Recently I have been playing with running DeepSpeech on AWS Lambda, and I put together a quick tutorial with instructions on how to do so: https://medium.com/@lukasgrasse/deploying-mozilla-deepspeech-models-to-aws-lambda-using-serverless-b5405ccd546b. Hopefully this will be useful for anyone also trying to do this.

Cheers,
Lukas

6 Likes

Thanks! I’m having a look at your blog post :slight_smile:

FTR, we’ve got people hitting issues when using conda, glad to see it works for you.

@lukasgrasse.
Hi, friend. Thanks for your tuto.
Vincent

Fascinating post Lukas, appreciate it. I have a couple questions if you don’t mind.

  1. If you have an output_graph.pbmm (for a custom language model) that is 181M in size do you think it still might fit within the 250M overall limit you mentioned?

  2. Sorry if this is a general purpose question about serverless, but how does the start up time work in this scenario.

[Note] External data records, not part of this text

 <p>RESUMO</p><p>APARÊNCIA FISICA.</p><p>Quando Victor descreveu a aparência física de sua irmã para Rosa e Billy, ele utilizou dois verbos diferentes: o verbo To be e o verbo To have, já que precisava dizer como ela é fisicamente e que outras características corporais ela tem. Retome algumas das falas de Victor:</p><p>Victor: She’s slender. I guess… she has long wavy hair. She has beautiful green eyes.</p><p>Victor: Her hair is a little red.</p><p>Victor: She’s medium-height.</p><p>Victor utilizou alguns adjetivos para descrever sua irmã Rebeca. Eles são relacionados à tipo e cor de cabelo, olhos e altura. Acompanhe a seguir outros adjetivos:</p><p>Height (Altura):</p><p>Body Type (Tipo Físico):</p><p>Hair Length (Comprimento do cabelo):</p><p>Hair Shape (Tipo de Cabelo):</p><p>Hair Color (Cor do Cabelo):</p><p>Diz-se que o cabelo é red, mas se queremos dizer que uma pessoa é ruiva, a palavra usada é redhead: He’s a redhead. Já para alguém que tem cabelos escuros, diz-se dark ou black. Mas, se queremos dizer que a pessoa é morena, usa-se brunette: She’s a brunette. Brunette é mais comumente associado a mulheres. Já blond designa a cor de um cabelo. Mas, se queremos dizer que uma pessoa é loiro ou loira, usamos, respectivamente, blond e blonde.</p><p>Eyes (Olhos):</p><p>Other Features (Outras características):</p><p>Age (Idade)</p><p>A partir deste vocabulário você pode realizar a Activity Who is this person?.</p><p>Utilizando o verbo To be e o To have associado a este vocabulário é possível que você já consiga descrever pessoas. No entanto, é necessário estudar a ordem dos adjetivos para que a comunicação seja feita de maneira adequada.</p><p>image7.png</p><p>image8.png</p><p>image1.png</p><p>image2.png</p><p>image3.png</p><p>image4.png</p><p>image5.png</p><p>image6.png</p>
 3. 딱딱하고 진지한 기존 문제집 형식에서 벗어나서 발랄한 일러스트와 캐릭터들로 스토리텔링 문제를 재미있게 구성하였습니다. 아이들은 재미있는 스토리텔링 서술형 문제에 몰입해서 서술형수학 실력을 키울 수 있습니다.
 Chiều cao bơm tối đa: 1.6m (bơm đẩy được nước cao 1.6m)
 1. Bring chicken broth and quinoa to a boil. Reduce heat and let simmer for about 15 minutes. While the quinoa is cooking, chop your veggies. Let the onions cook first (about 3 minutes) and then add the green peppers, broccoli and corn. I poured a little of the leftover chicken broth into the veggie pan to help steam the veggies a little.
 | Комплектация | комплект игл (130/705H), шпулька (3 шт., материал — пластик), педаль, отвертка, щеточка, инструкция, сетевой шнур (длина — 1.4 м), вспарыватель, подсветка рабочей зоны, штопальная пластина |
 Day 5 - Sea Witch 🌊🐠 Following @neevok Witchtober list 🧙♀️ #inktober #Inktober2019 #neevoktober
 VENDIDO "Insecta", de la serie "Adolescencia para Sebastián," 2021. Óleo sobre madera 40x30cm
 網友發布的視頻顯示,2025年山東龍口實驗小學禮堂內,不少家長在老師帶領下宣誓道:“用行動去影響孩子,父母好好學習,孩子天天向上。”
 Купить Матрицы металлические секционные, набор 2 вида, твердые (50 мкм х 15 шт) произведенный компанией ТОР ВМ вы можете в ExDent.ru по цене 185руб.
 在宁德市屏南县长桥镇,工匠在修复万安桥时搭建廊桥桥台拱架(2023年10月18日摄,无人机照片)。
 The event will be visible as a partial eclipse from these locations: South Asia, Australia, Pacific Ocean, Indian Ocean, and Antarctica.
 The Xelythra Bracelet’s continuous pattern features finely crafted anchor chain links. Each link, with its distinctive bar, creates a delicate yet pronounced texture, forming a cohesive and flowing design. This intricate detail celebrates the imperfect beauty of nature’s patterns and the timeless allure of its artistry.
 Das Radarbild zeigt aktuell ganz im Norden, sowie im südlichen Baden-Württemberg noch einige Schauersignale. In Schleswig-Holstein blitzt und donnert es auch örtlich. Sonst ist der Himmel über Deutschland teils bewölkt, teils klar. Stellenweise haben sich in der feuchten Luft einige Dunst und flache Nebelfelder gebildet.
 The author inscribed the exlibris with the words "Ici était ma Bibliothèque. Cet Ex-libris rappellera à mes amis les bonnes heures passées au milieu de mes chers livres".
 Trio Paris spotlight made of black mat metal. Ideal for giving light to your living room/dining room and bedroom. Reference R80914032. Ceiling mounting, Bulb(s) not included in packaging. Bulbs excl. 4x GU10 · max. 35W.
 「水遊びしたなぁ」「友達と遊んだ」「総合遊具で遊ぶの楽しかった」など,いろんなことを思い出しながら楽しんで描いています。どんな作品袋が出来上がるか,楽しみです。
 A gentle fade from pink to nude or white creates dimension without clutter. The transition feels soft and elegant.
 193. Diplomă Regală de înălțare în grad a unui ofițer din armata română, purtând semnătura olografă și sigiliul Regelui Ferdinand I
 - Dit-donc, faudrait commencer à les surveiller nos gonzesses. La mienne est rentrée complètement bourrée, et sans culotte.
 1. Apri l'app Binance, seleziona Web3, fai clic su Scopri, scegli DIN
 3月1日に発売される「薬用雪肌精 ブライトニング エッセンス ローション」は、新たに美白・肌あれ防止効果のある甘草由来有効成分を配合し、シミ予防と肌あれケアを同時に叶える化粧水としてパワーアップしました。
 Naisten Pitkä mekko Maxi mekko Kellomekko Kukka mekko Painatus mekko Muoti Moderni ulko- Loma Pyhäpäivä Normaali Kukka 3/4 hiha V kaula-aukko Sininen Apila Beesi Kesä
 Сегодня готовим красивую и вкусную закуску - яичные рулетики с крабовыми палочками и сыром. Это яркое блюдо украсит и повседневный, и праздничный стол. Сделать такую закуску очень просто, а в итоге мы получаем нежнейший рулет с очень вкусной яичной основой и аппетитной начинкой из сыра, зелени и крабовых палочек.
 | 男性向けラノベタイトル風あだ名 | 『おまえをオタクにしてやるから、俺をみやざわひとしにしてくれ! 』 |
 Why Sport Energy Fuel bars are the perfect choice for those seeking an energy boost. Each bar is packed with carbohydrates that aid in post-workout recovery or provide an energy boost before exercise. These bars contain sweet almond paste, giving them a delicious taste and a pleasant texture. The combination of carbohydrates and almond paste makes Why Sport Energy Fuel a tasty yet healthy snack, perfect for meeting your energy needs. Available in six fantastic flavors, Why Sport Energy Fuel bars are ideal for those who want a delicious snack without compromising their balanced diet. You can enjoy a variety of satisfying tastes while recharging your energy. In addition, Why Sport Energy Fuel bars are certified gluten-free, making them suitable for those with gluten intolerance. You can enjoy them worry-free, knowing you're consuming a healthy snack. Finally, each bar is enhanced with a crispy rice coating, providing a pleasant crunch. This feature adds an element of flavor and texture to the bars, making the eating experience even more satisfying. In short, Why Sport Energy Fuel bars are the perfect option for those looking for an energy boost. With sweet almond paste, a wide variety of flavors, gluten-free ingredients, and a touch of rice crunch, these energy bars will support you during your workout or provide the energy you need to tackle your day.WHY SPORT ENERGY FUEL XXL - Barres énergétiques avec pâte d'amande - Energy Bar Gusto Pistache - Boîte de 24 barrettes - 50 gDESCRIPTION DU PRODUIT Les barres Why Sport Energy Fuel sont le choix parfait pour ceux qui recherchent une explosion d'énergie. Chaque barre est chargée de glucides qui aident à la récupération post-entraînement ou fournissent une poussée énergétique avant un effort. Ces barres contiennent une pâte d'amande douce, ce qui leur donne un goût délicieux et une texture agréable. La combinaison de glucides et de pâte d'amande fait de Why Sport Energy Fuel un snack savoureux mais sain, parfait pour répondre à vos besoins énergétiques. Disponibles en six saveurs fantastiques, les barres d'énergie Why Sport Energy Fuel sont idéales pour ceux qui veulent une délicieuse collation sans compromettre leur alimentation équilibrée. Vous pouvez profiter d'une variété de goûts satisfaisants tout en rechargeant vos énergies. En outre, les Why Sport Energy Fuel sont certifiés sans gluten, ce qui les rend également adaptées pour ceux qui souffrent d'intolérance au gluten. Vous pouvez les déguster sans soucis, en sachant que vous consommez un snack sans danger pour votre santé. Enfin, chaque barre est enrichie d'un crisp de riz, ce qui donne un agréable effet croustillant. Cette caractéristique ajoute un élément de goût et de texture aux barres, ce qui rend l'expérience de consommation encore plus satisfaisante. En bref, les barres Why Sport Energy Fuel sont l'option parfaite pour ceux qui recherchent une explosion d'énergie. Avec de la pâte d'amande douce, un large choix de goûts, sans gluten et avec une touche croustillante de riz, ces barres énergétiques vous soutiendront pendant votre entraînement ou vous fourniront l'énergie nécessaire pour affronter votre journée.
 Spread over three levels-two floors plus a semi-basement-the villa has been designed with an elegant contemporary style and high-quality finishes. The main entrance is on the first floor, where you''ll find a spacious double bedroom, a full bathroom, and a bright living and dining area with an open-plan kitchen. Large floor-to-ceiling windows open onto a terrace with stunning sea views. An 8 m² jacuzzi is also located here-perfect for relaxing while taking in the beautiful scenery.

When hosting our models via traditional flask/docker method we find that a good few seconds required to load the model into memory and then a few more secs to do the actual transcription. So, obviously, we try to load it only once, then use it. Is that something that would happen ‘automatically’ in a serverless environment or are you looking at a model-load-time cost on every inference (every transcription) ??

  3. How does serverless relate to GPU can you use serverless approach but specify elastic GPU in the back end?

Sorry for all the newbie questions! Appreciate any of your thoughts on this though and thanks again for writing this up!

–

PS I see that you can run things to keep your serverless lambdas ‘warm’ but I guess wondering if that ‘warmness’ is actually going to carry over to the extent of keeping the actual tensorflow weights model in memory somewhere…

1 Like

Any one else give this a try? Keen to hear about “start up time” e.g. if you’re the first person to query this Lambda API, what’s the response time like?